The Jackson Historical Society has a scrapbook detailing how 125 men, women, and children had to be rescued after a pair of locomotives from Chicago & North Western Road froze up in the drifts. The train stalled for 14 hours as temperatures plummeted to 22 degrees below zero.
Betty Rose-Limbach said “gandy dancers” were brought in to help clear the snow. “Those guys stayed at the Jackson Hotel and they were paid to shovel out,” she said. “We also had a picture in our family of somebody standing on a snow bank by the telephone lines and they could walk over the telephone lines; that’s how much snow there was.”
Rose-Limbach also relayed stories about how “the drifts were so high in Jackson people could walk up on the roof” and “my dad said birds froze right to Lake Winnebago.”
The Milwaukee Sentinel published accounts of people marooned on the train. It was stuck about a half-mile north of Jackson. Passengers ‘crowded forward into a dining car and one coach to keep warm. Soon these, too, became too cold for safety. The train crew started a fire in the diner’s charcoal stove.’
Passengers past the time playing cards and some played dice with lumps of sugar marked with pen or pencil. The Milwaukee Sentinel wrote, ‘Mrs.

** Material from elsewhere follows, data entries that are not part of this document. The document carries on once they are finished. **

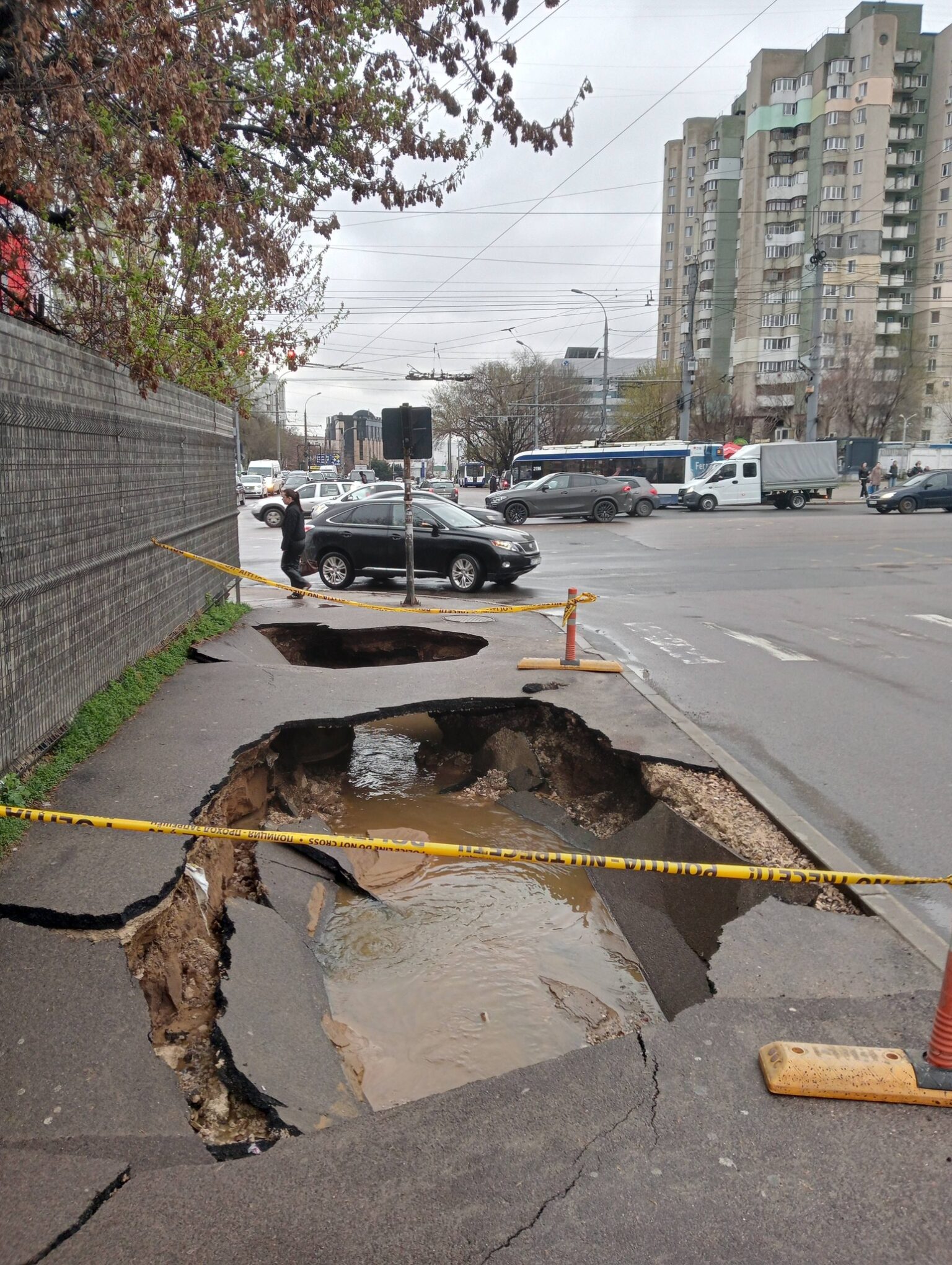 Potrivit unui comunicat al Primăriei, surparea a fost cauzată de o avarie la rețeaua de apeduct, care a dus la afectarea structurii trotuarului.
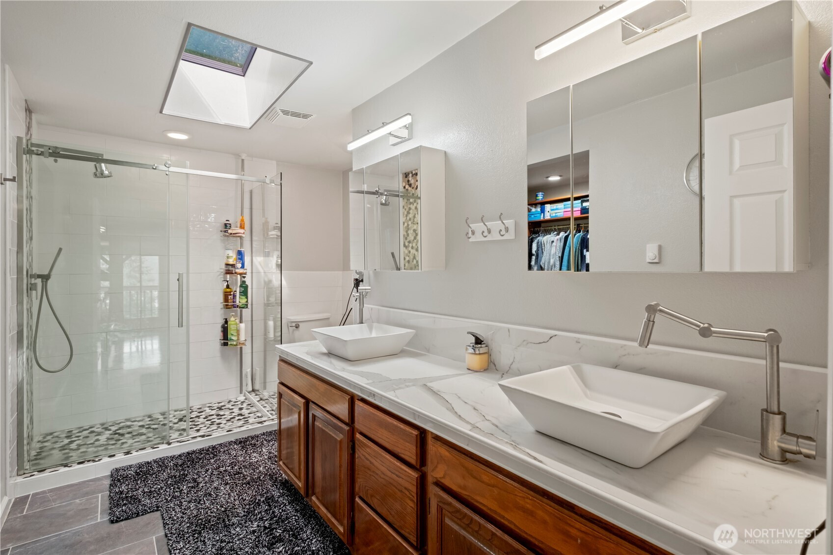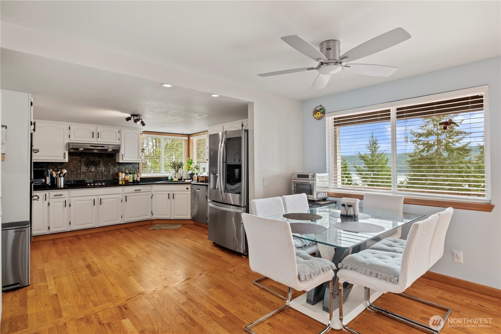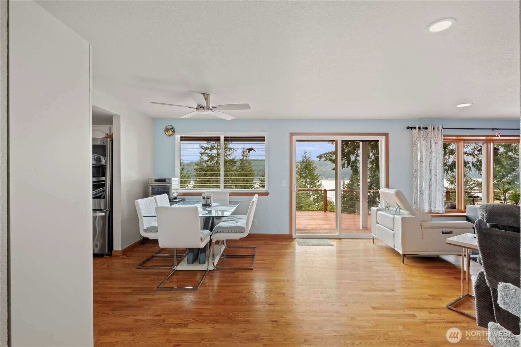 Imagine waking up to awe-inspiring views of Hood Canal, watching orcas, eagles, otters and other wildlife from every bedroom in this magnificent two-story sanctuary! This 4-bedroom, 3-bathroom home has been meticulously upgraded with new paint, windows, doors, and flooring. Every bathroom has been artfully remodeled, including the master ensuite, which includes a large walk-in closet. The open-concept living room and kitchen are perfect for entertaining, while the new ductless A/C unit ensures comfort year-round. Add a whole-house generator hookup, an oversized three-car garage with an E-car charging station hookup, hot tub, and a private beach and boat ramp. A dedicated office/playroom makes this property functional as well as beautiful.
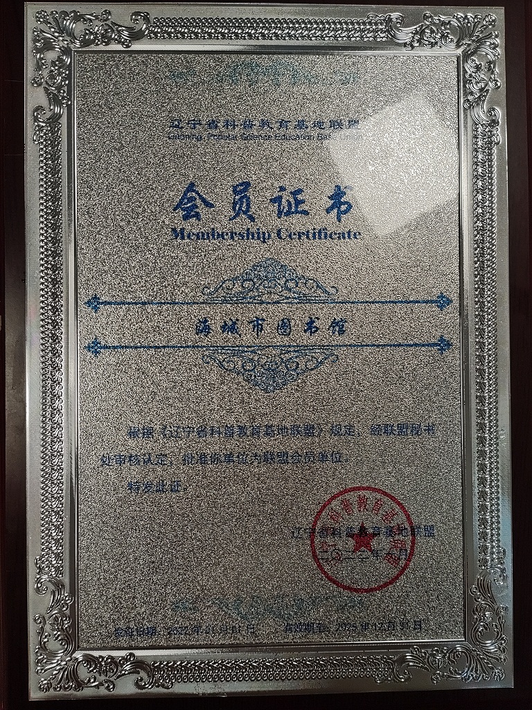 2022年1月 海城市图书馆荣获辽宁省科普教育基地联盟会员单位
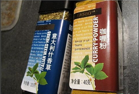 6.電飯煲通電,選擇煮飯按鈕,等電飯煲自動跳摯,打開就做好了,最后將完成的牛肉干,放入保鮮盒,加入咖喱粉、香草,搖晃多次,讓調(diào)料混合均勻。
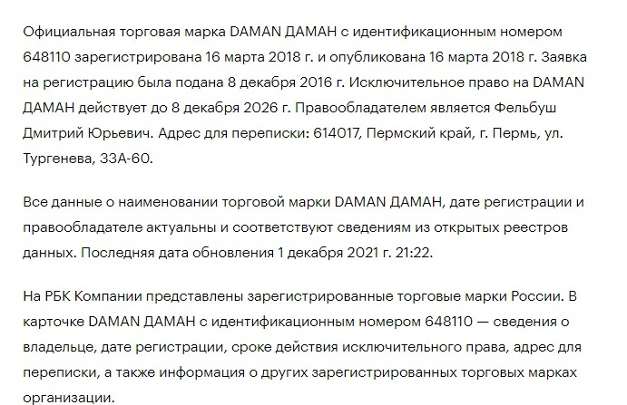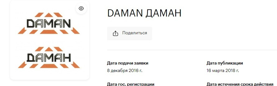 Торговая марка DAMAN от одного и того же перекупа из Перми, что и марка BRAIT.

Isaac Anderson, Chicago, strummed away at her banjo and sang to amuse the crowd’ and ‘F.W. Sobe, a North Western road service department officer, passed out aspirin for women and cigarettes for men.’
Because of the dangerous cold, passengers were eventually relocated to the Schneider hotel in Jackson. Proprietor I.G. Schneider was reportedly “overwhelmed by the large order for accommodations. When the crowd arrived he summoned women relatives and put in emergency calls to all local bakers, grocers and butchers. Forty pounds of meat was ordered for dinner.”
The next afternoon around 3 p.m. a train was made up and hauled the passengers back to Milwaukee.